- _DATA SECTION_:
--------------------------------------------------

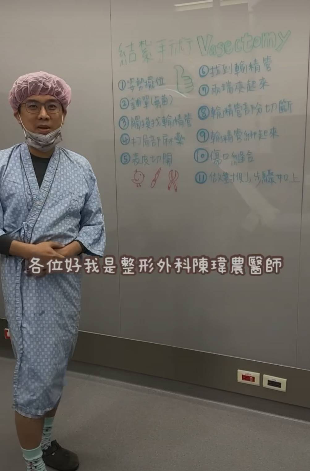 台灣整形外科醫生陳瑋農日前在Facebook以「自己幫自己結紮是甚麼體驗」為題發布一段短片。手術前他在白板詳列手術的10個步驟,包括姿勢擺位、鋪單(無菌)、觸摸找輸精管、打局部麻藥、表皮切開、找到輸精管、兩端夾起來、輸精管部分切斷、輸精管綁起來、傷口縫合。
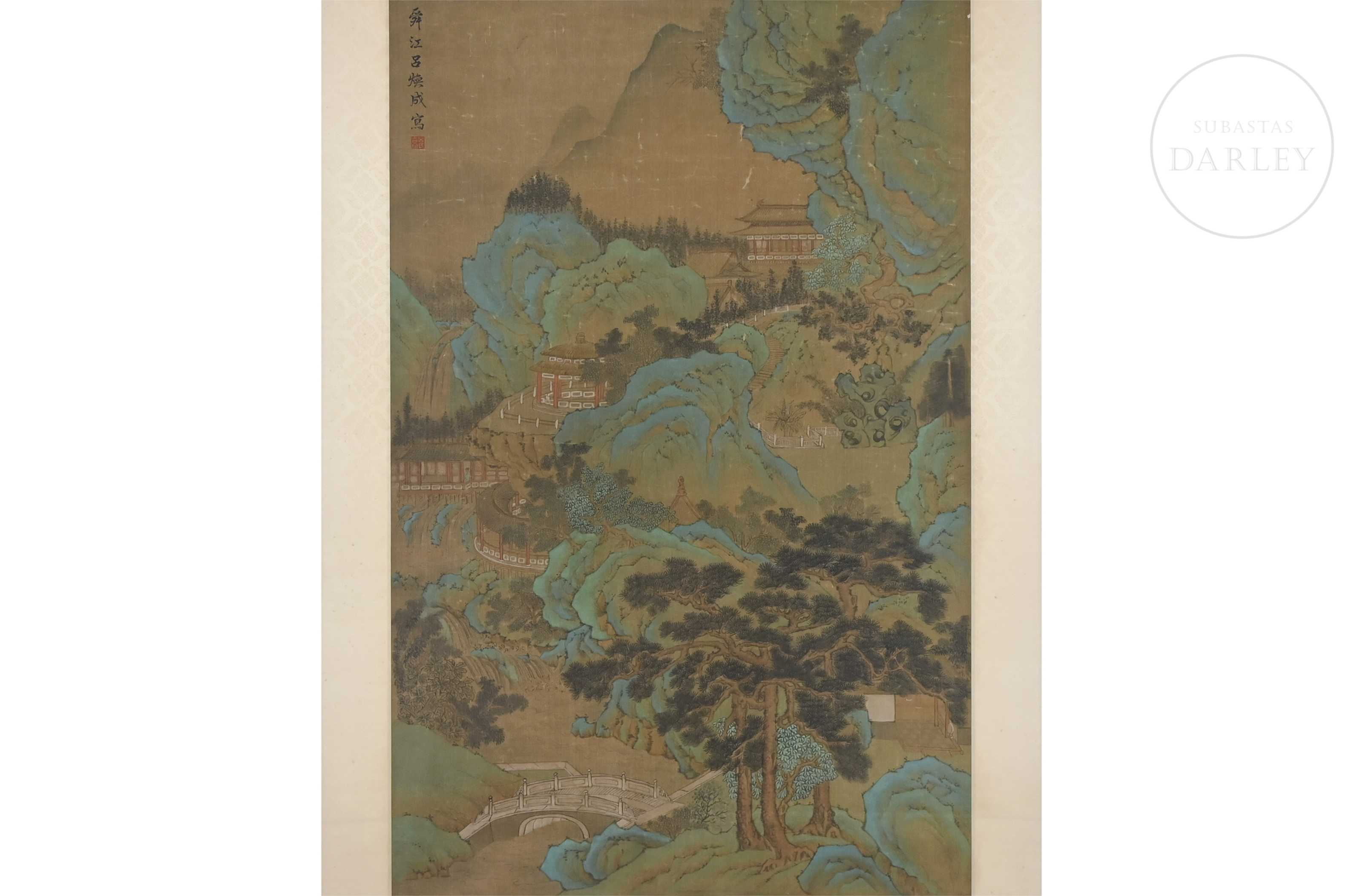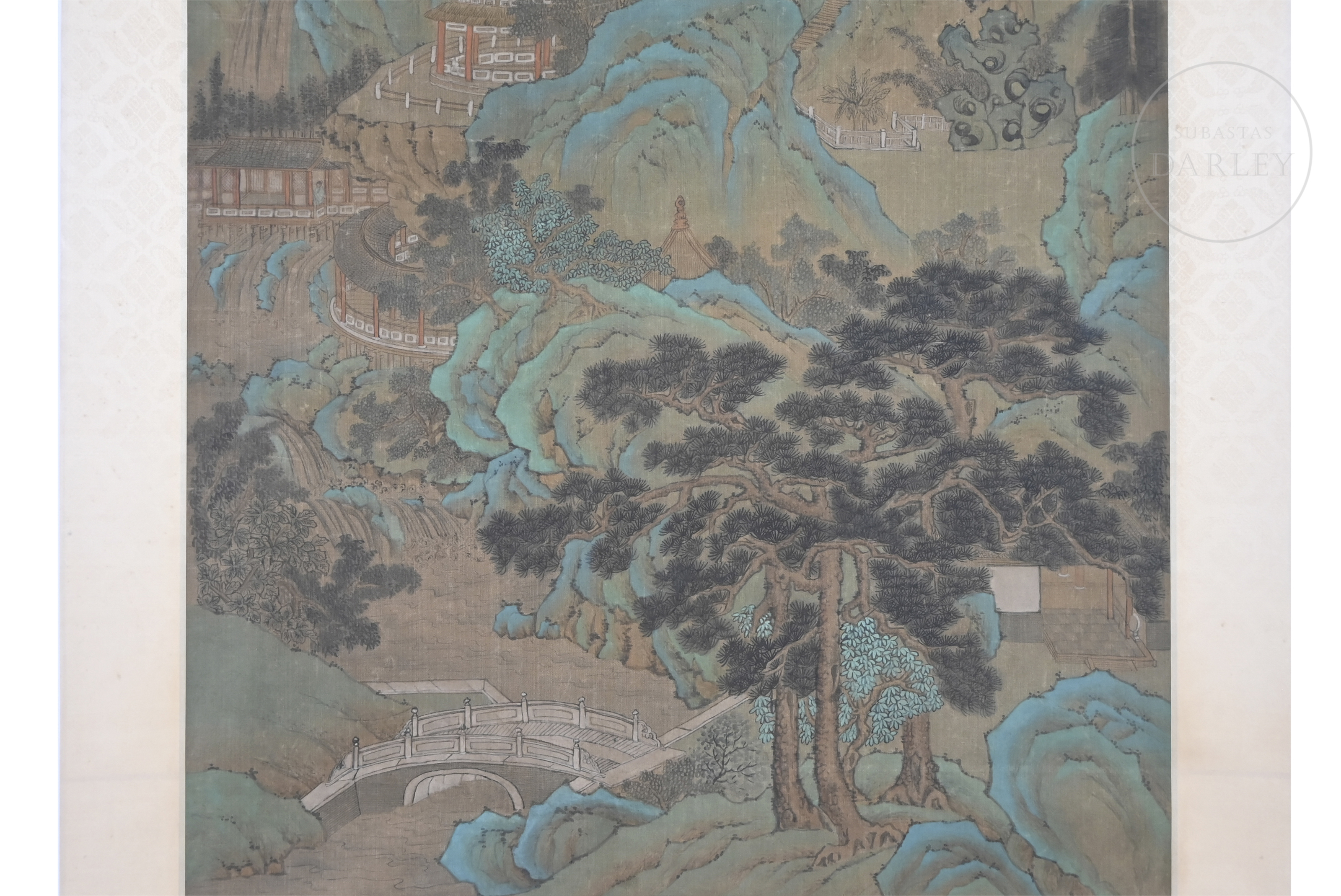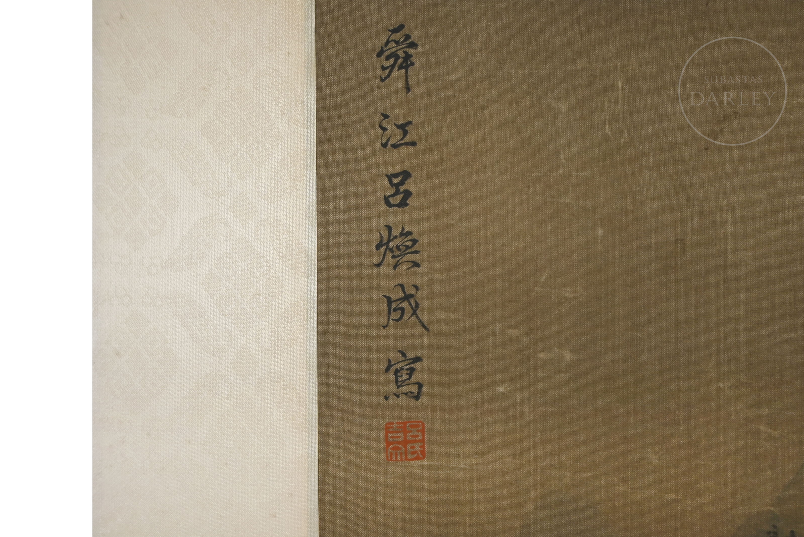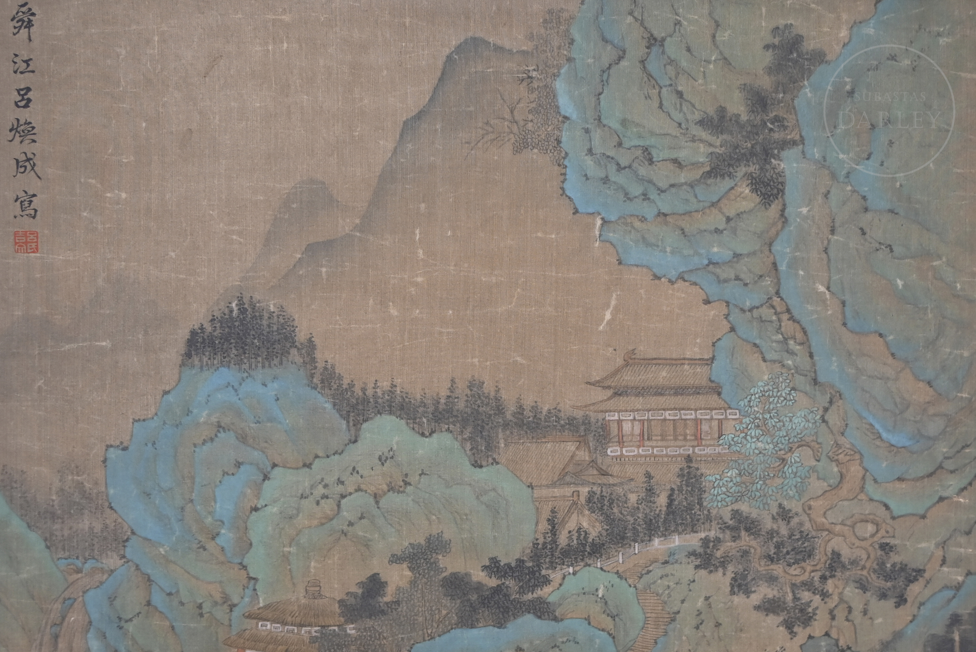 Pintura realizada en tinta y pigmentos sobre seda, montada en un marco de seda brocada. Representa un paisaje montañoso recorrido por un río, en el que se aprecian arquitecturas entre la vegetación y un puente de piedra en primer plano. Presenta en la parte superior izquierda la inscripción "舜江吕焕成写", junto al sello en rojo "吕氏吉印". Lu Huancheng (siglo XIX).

--------------------------------------------------

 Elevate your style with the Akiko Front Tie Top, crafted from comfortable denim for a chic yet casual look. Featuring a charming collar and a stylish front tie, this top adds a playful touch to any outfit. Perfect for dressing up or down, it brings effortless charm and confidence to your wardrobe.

--------------------------------------------------

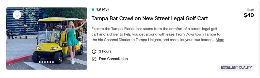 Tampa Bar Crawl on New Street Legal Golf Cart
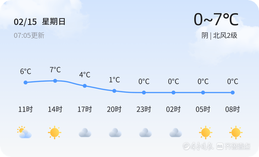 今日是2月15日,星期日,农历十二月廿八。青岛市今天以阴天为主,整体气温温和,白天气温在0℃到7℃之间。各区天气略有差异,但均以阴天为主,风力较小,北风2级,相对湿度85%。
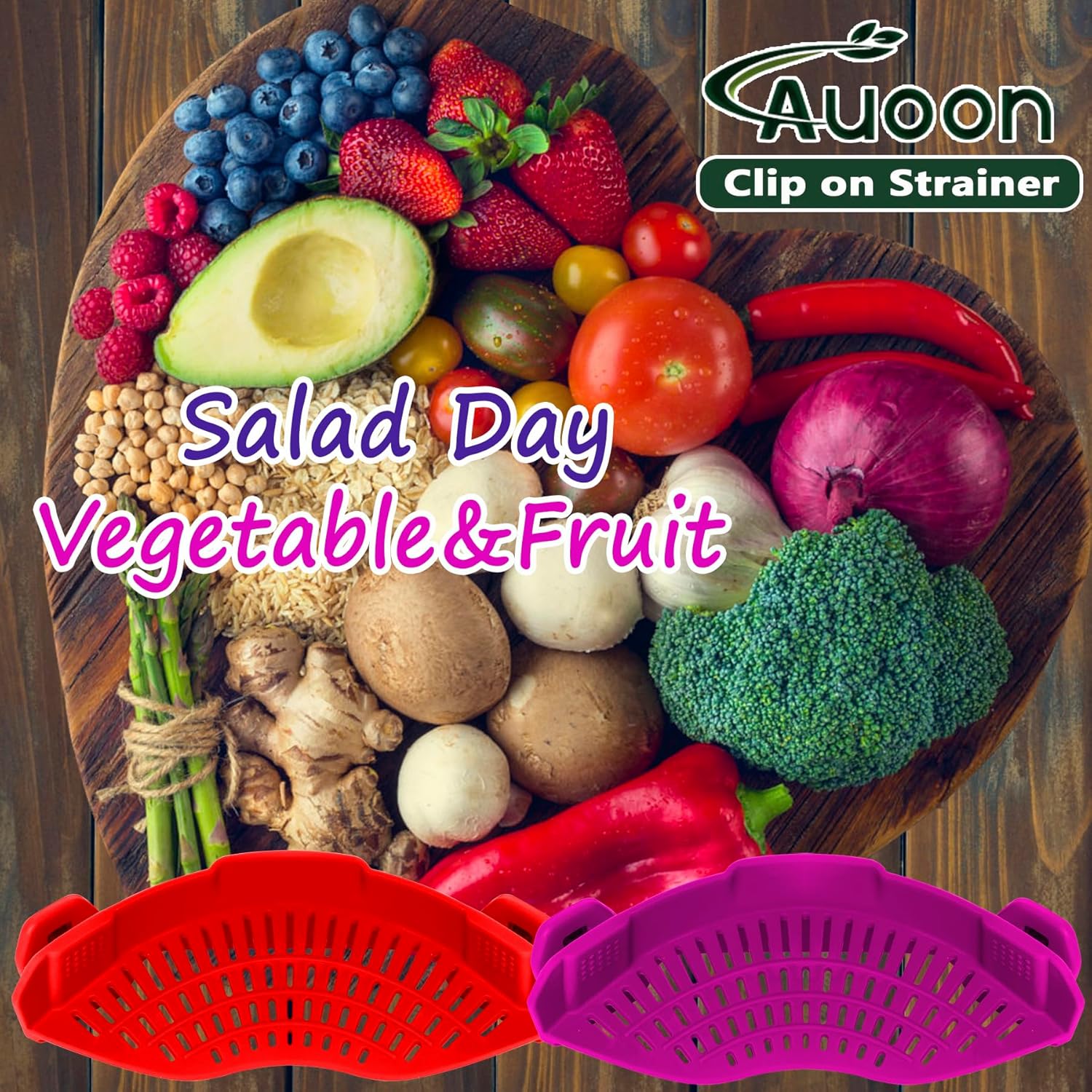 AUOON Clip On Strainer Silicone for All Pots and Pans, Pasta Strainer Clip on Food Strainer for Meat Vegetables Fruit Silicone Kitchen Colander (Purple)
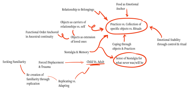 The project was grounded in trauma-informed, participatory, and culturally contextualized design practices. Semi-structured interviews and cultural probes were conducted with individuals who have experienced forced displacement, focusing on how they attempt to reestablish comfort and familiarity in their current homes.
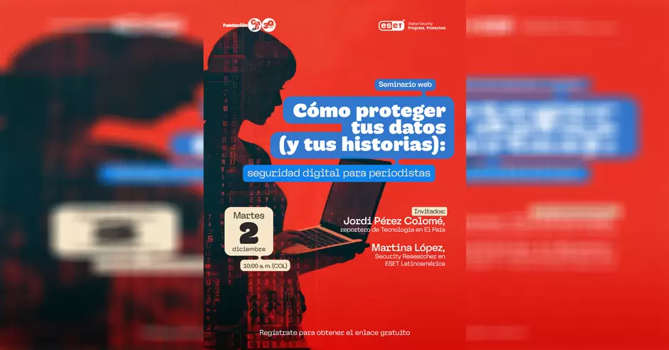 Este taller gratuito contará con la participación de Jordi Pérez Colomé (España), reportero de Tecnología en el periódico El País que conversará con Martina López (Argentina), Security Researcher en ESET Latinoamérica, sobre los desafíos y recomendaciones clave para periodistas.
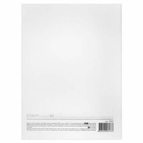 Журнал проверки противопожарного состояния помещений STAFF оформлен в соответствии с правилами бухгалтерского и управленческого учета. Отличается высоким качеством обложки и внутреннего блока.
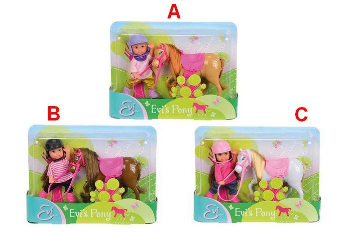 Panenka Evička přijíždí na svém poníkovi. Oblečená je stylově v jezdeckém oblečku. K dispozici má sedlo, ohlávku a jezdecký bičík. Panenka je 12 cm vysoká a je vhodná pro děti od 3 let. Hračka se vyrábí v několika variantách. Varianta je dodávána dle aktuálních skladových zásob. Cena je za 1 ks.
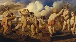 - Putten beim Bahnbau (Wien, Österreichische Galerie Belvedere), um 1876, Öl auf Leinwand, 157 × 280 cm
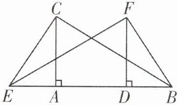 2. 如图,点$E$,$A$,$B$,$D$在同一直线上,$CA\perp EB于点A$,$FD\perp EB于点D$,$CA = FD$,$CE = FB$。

--------------------------------------------------

- _TASK GOAL_:
After locating "The project was" and "Este taller gratuito" in the records above, return exactly the line holding each one and every line between them; leave out the pictures.

- _SOLUTION TO THIS PROBLEM_:
 The project was grounded in trauma-informed, participatory, and culturally contextualized design practices. Semi-structured interviews and cultural probes were conducted with individuals who have experienced forced displacement, focusing on how they attempt to reestablish comfort and familiarity in their current homes.
 Este taller gratuito contará con la participación de Jordi Pérez Colomé (España), reportero de Tecnología en el periódico El País que conversará con Martina López (Argentina), Security Researcher en ESET Latinoamérica, sobre los desafíos y recomendaciones clave para periodistas.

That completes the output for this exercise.